Graphical conditional generative modeling for digital twin modeling

2026-06-15Computational Engineering, Finance, and Science

Computational Engineering, Finance, and ScienceMachine Learning
AI summary

The authors tackle the problem of overly complex digital twin models by creating simpler, yet still accurate, models that only use important variables. Their method finds these key variables by looking at how all parts of the target's behavior change, not just the average. They combine techniques that model full distributions with tools that identify and remove unimportant inputs.

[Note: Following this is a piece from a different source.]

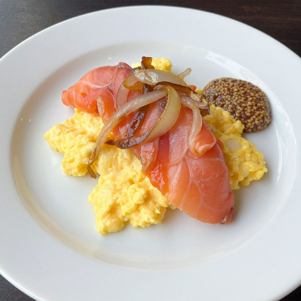 Photograph of a white plate with yellow scrambled eggs, sliced pink smoked salmon, caramelized onions, and a small ball of black and white speck

This results in clear, manageable models that work well in different scenarios, like control systems and economic data.

digital twinstochastic surrogate modelconditional generative modelingGaussian processkernel mode decompositionMarkov decision processvariable selectionmodel complexitycontrol systemsreinforcement learning
Authors
Zongren Zou, Théo Bourdais, Ricardo Baptista, Houman Owhadi
Abstract
Digital twin modeling, including control and data assimilation under model uncertainty, often faces an open-ended fidelity problem: adding variables, data streams, and time scales can indefinitely increase model complexity, ultimately producing systems that are difficult to maintain, validate, interpret, and use for stress or safety testing. As an alternative, one can seek parsimonious stochastic surrogate models built only on the variables needed to describe the relevant quantities of interest. We introduce a framework for discovering such variables from observational data by identifying which candidate inputs influence the full conditional law of a target quantity, rather than only its conditional mean. This distinction is essential in stochastic, coarse-grained, or partially observed systems, where dependencies may appear through changes in variability, tail behavior, multimodality, or uncertainty rather than through deterministic functional relationships. The framework couples conditional generative modeling, which learns the conditional distribution of the target given candidate inputs, with Gaussian-process-based analysis of variance (through kernel mode decomposition), which enables iterative pruning of non-influential inputs and interpretable structure discovery. In control settings, the resulting surrogate can be interpreted as a learned Markov decision process: the method identifies not only a transition model, but also the state, action, and memory variables needed to make the learned dynamics effectively Markovian. Across examples involving stochastic dynamical systems, missing variables, PDE control, reinforcement learning, and economic data, the discovered structures yield interpretable stochastic surrogates whose downstream performance is comparable to models trained on the full variable set.